We can start with any distribution of probabilities of visiting nodes. Assume, for example, that it is uniform:

julia> p = fill(1 / 37700, 1, 37700)
1×37700 Matrix{Float64}:
 2.65252e-5  2.65252e-5  2.65252e-5  …  2.65252e-5  2.65252e-5

From stochastic matrix theory we know that p * tm is a distribution of location of the agent after one step:

julia> p * tm
1×37700 Matrix{Float64}:
 8.28912e-7  2.8377e-5  4.65354e-7  …  1.54045e-5  7.46794e-7

Now let us repeat this process many times until the vector p stabilizes:

julia> function stationary(tm; eps=sqrt(eps()))
           p = fill(1 / 37700, 1, 37700)
           while true
               newp = p * tm
               if sum(abs(o - n) for (o, n) in zip(p, newp)) < eps
                   return newp
               end
               p = newp
           end
       end
stationary (generic function with 1 method)

julia> p = stationary(tm)
1×37700 Matrix{Float64}:
 1.73009e-6  1.38407e-5  1.73009e-6  …  5.19026e-6  6.92034e-6

We know the stationary distribution of probability of visiting each node. However, it would be interesting to understand it. As we will see it is proportional to the degree of the node. Let us check it:

julia> extrema(vec(p) .- deg ./ sum(deg))
(-3.7003669919877247e-10, 9.529364854058532e-9)

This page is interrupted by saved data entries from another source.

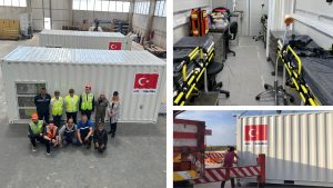 GAMA Ticaret Genel Müdürü Hasan Namal, Üretim ve Tasarım Müdürü Sinan Dülger ve Dış Ticaret ve Satış Yetkilisi Başak Ustanıl’ın önderliğinde tüm GAMA Ticaret ekibi tarafından özenle üretilen mobil sağlık birimlerimizin deprem bölgesindeki vatandaşların temel sağlık ihtiyaçlarının kesintisiz karşılamasını umuyor ve hayırlı olmasını diliyoruz.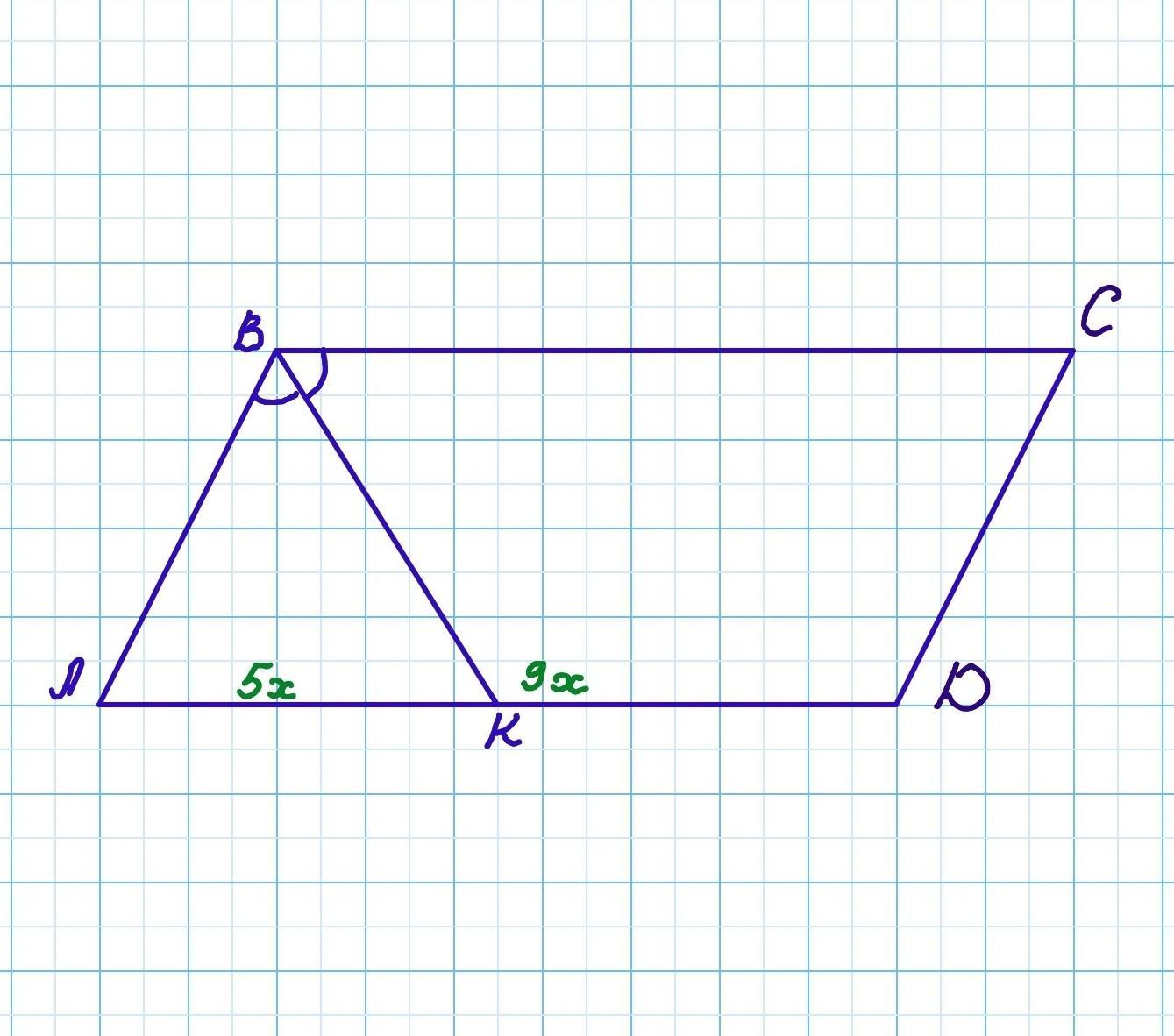 Дано: АВСD - паралелограм, ВК - бісектриса, ∠ABK=∠KBC, AK:KD=5:9, P(ABCD) = 38 см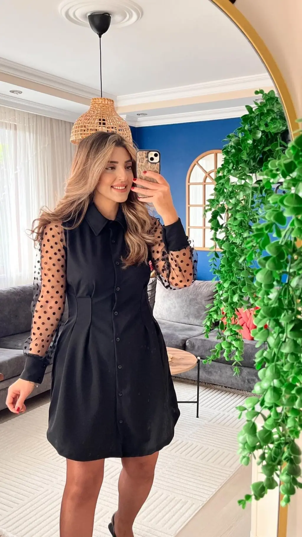 Kadın Uzun Kollu Yakalı Düğmeli Mini Ithal Krep Elbise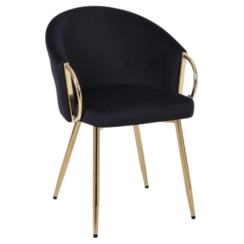 FOTEL KRZESŁO WELUROWE TAPICEROWANY METIS CZARNY NOGI ZŁOTE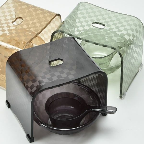 上質なアクリルでできた、チェック柄のデザインバスシリーズです。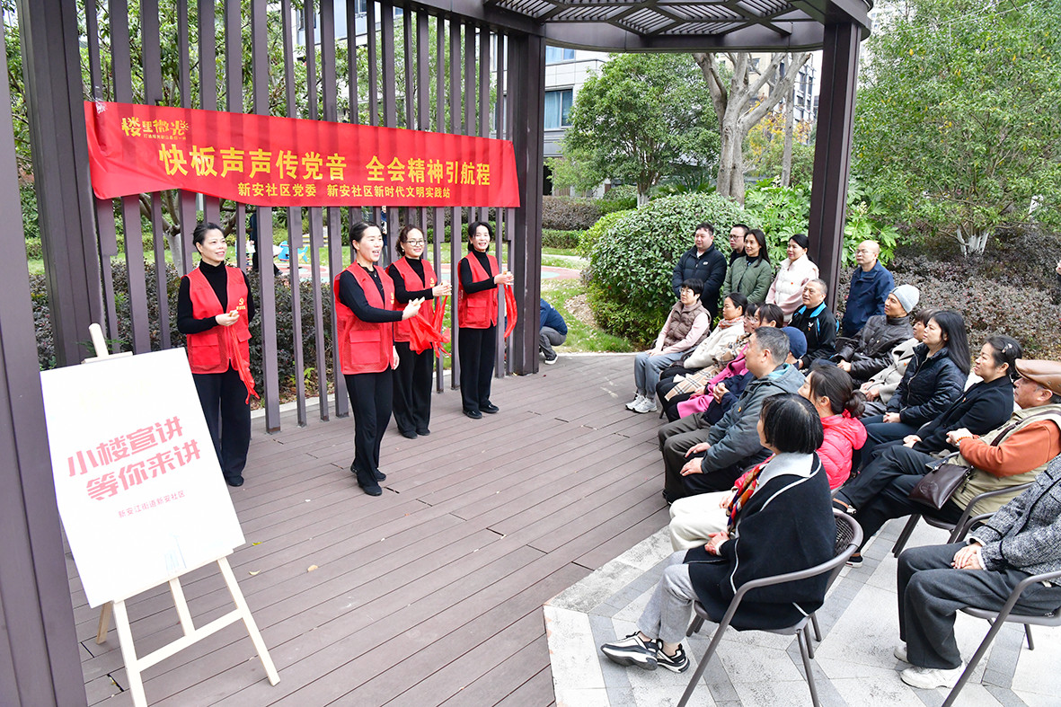 近日,新安江街道新安社區(qū)組織宣講隊伍通過快板、三句半、家常話等群眾喜聞樂見的形式宣講貫徹黨的二十屆四中全會精神,用身邊事闡釋政策要點和發(fā)展藍圖,讓全會精神走進群眾心間。圖為社區(qū)黨員文宣隊志愿者利用快板說唱形式,向社區(qū)黨員干部、樓棟紅管家、網(wǎng)格員宣講黨的二十屆四中全會精神。

Indeed, the deviation of p from the distribution given by the node degree is low as promised.

We have learned that in the long run how often each node is going to be visited with probability proportional to its degree. This property can be verified analytically to hold for any undirected connected graph. I encourage you to perform the required computations.

Conclusions

I hope you found the example interesting. During the short course at MIT this and many other examples will be explained in detail and we will discuss which Julia packages can be used to do data analysis conveniently. Still, I wanted to highlight, that a very appealing feature of Julia is related to the fact how far one can go using just its standard functionality, without having to install any packages.